● **COLLECTED MATERIAL**
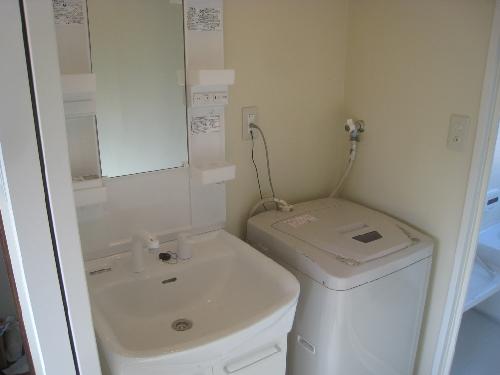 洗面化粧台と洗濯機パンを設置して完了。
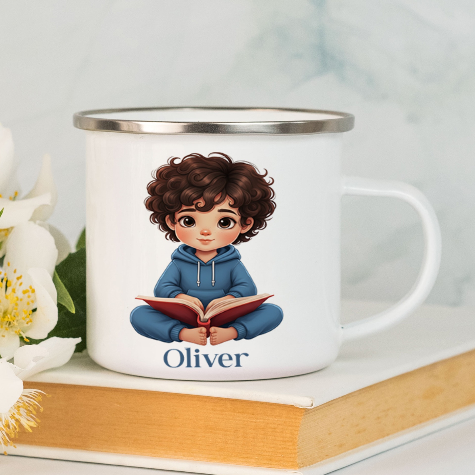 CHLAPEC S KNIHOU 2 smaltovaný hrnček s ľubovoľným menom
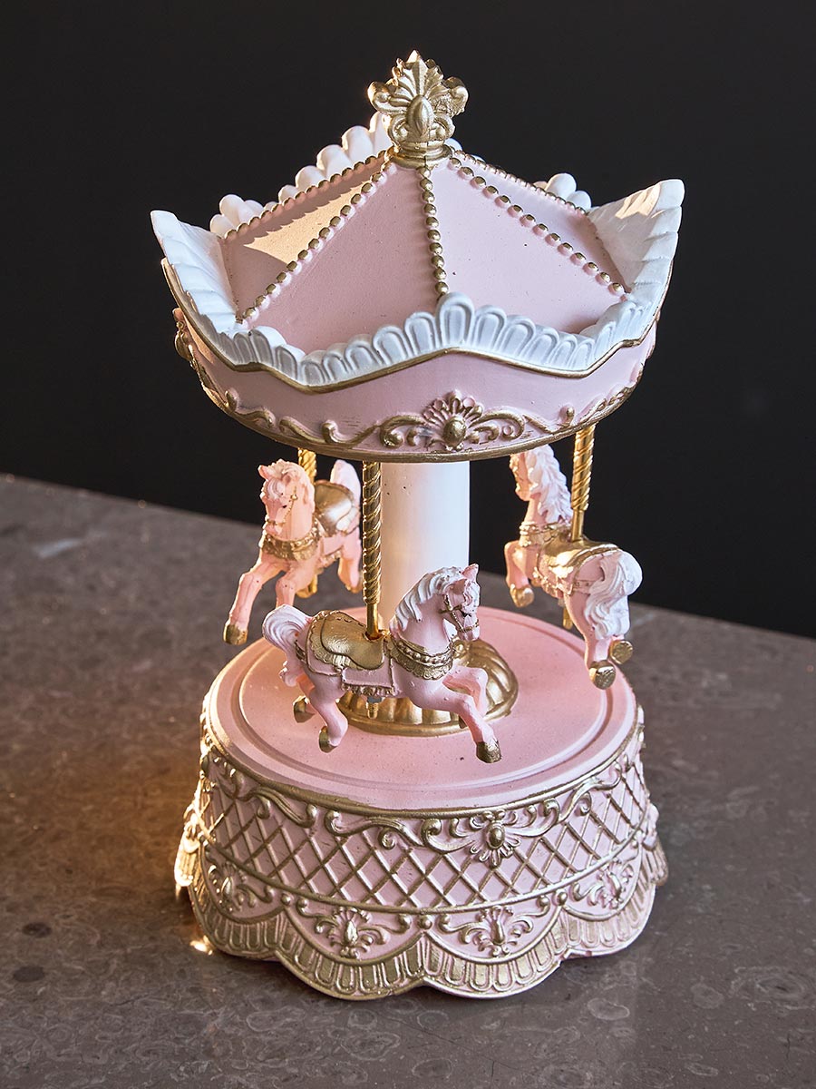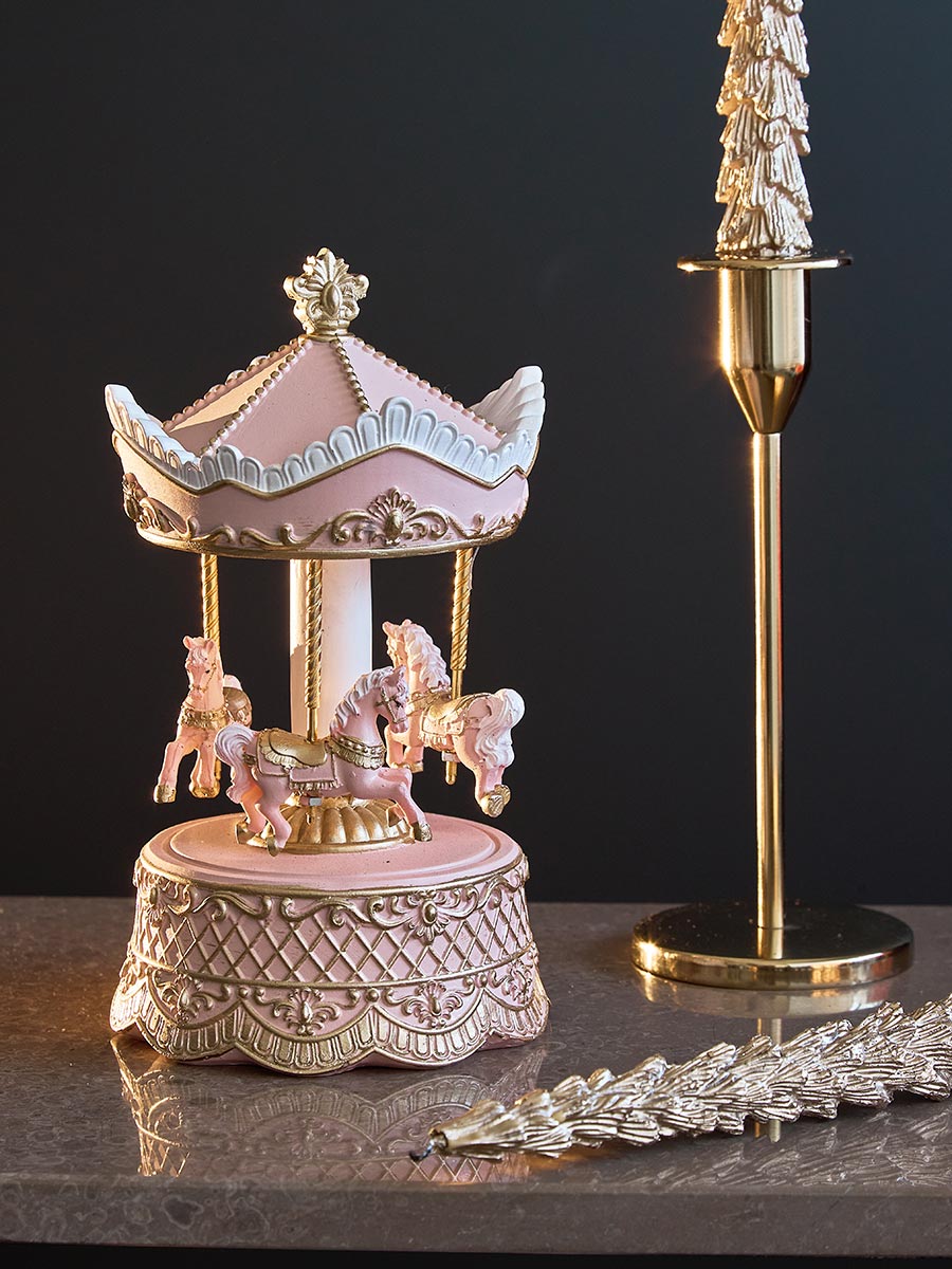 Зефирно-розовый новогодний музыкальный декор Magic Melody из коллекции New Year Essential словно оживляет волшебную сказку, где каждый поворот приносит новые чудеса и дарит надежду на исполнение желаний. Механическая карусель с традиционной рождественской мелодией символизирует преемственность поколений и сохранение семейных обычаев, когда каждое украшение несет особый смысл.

● **WORK ORDER**
What is wanted is the listing, written out exactly, with each picture removed.

● **RESPONSE TO THIS TASK**
 洗面化粧台と洗濯機パンを設置して完了。
 CHLAPEC S KNIHOU 2 smaltovaný hrnček s ľubovoľným menom
 Зефирно-розовый новогодний музыкальный декор Magic Melody из коллекции New Year Essential словно оживляет волшебную сказку, где каждый поворот приносит новые чудеса и дарит надежду на исполнение желаний. Механическая карусель с традиционной рождественской мелодией символизирует преемственность поколений и сохранение семейных обычаев, когда каждое украшение несет особый смысл.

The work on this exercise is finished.